Run the cell to log in.
!wget https://raw.githubusercontent.com/gradient-ai/stable-diffusion/main/login.py
!python login.py --token <your_huggingface_token>
Finally, we will complete the setup by importing the relevant libraries and creating an image_grid
function to display our image outputs in a grid based on the number of samples and rows.

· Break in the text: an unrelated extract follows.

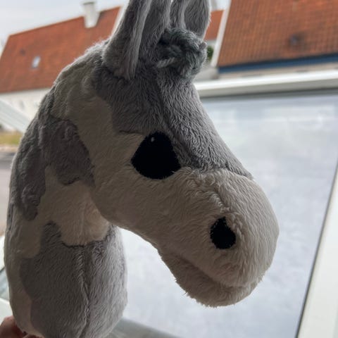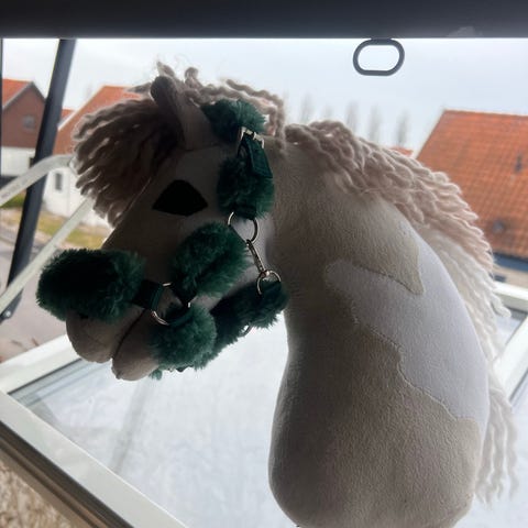 Väldigt fin vit käpphäst med mjuk päls och man.
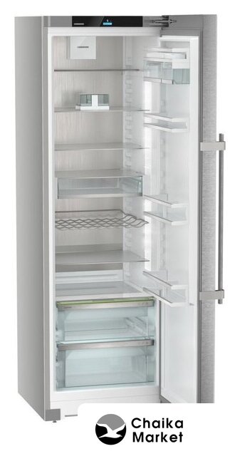 отдельностоящий, без No Frost, электронное управление, полезный объём: 386 л, инверторный компрессор, зона свежести, перенавешиваемые двери, складная полка, лоток для яиц, масленка, отделка: защита от отпечатков, 59.7x67.5x185.5 см, темная сталь

#@title Import required libraries
import argparse
import itertools
import math
import os
from contextlib import nullcontext
import random
import numpy as np
import torch
import torch.nn.functional as F
import torch.utils.checkpoint
from torch.utils.data import Dataset
import PIL
from accelerate import Accelerator
from accelerate.logging import get_logger
from accelerate.utils import set_seed
from diffusers import AutoencoderKL, DDPMScheduler, PNDMScheduler, StableDiffusionPipeline, UNet2DConditionModel
from diffusers.hub_utils import init_git_repo, push_to_hub
from diffusers.optimization import get_scheduler
from diffusers.pipelines.stable_diffusion import StableDiffusionSafetyChecker
from PIL import Image
from torchvision import transforms
from tqdm.auto import tqdm
from transformers import CLIPFeatureExtractor, CLIPTextModel, CLIPTokenizer
import bitsandbytes as bnb
# Helper function
def image_grid(imgs, rows, cols):
assert len(imgs) == rows*cols
w, h = imgs[0].size
grid = Image.new('RGB', size=(cols*w, rows*h))
grid_w, grid_h = grid.size
for i, img in enumerate(imgs):
grid.paste(img, box=(i%cols*w, i//cols*h))
return grid
Now that the setup is complete, we will begin setting up the data and concept variables that we will use for fine-tuning later on.

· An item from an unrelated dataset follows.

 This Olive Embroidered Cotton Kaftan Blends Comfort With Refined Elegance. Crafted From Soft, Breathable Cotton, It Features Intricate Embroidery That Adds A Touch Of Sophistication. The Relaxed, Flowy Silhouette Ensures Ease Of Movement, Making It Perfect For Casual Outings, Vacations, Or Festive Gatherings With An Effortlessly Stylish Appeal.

We have two options moving forward: we can either follow the demo exactly as it is or use our own images. If we choose to use our own images, we should create an "inputs"
directory and upload our images there. If we prefer to follow the demo, we can run the cell below. This will create the "inputs"
directory and set up a list of image URLs to download into that directory.
!mkdir inputs
#@markdown Add here the URLs to the images of the concept you are adding. 3-5 should be fine
urls = [
"https://huggingface.co/datasets/valhalla/images/resolve/main/2.jpeg",
"https://huggingface.co/datasets/valhalla/images/resolve/main/3.jpeg",
"https://huggingface.co/datasets/valhalla/images/resolve/main/5.jpeg",
"https://huggingface.co/datasets/valhalla/images/resolve/main/6.jpeg",
## You can add additional images here
]
Now, we need to begin setting up the subject for our DreamBooth training by uploading or downloading images for our concept to the repo inputs
.
You can also use the code in the cell above to alter the sample image URLs downloaded for this demo, if the data is stored publicly online.
# @title Setup and check the images you have just added
import requests
import glob
from io import BytesIO
def download_image(url):
try:
response = requests.get(url)
except:
return None
return Image.open(BytesIO(response.content)).convert("RGB")
images = list(filter(None,[download_image(url) for url in urls]))
save_path = "./inputs"
if not os.path.exists(save_path):
os.mkdir(save_path)
[image.save(f"{save_path}/{i}.jpeg") for i, image in enumerate(images)]
image_grid(images, 1, len(images))
This cell allows users to download data to the inputs folder for the demo.
To ensure quality concept tuning, these images should be consistent across a theme but differ in subtle ways like lighting, perspective, distance, and noise. Below is a grid showing the images Now, we have downloaded the images.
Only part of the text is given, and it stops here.